Pay-to-Play Scheme Costs Goldman Sachs $16M

     (CN) – Goldman Sachs agreed to pay $16.5 million after a former employee traded his help on a gubernatorial campaign for the politician’s banking business.
     The investment bank drew fire from Massachusetts after Neil Morrison illegally assisted the gubernatorial campaign of former Massachusetts State Treasurer Timothy Cahill between November 2008 and October 2010.
     Before joining Goldman Sachs, Morrison served as Deputy Treasurer in Cahill’s department.
     After he began working for the investment bank, Morrison actively sought municipal underwriting business on behalf of Goldman Sachs in instances where Cahill or one of the treasurer’s employees controlled the choice of underwriter – while secretly fundraising for Cahill’s campaign, often during work hours.
     Goldman Sachs made millions on underwriting 11 municipal transactions during Morrison’s tenure, including landing a $445.9 million bond deal, according to the Boston Globe.
     Morrison apparently knew his behavior was illegal, Massachusetts says, pointing to an email in which Morrison told a senior campaign official: “I am staying in banking and don’t want a story that says that I am helping Cahill, who is giving me banking business. If that came out, I’m sure I wouldn’t get any more banking business.”
     Although it is illegal for Massachusetts state employees to solicit political donations, Morrision also encouraged Massachusetts State Lottery employees to raise funds for Cahill, telling them it would be good for their careers.
     A grand jury indicted Cahill in April 2012 on charges that he used $1.65 million in Massachusetts State Lottery advertising funds in his 2010 campaign for governor.

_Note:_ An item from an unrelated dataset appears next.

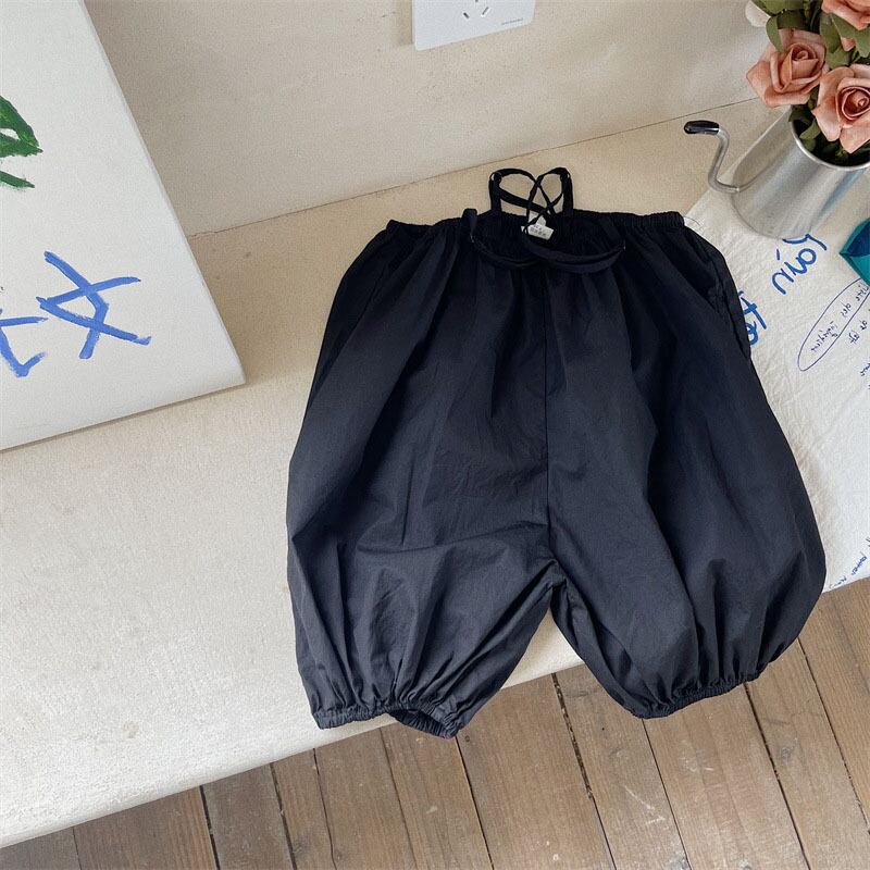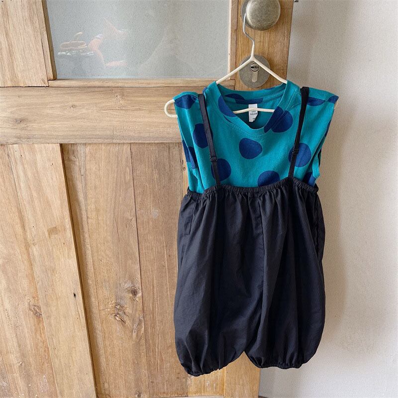 キッズ 韓国風子供服 袖なし上着 女の子 ドット柄 ワイドパンツ シャツ+サロペット7-15

     When Morrison’s unauthorized political activities were revealed in 2010, Goldman Sachs suspended its underwriting for Massachusetts.
     Last week, it filed an Assurance of Discontinuance with Massachusetts, requiring Goldman to pay the state more than $4.5 million. In exchange the state agreed not to bring a civil lawsuit against Goldman Sachs relating to Morrison’s illegal activities.
     The bank also agreed to pay $12 million to settle federal claims with the Securities and Exchange Commission.
     This fine is the largest ever imposed by the SEC for a pay-to-play scheme, and the first involving non-cash political contributions, the Boston Globe reported.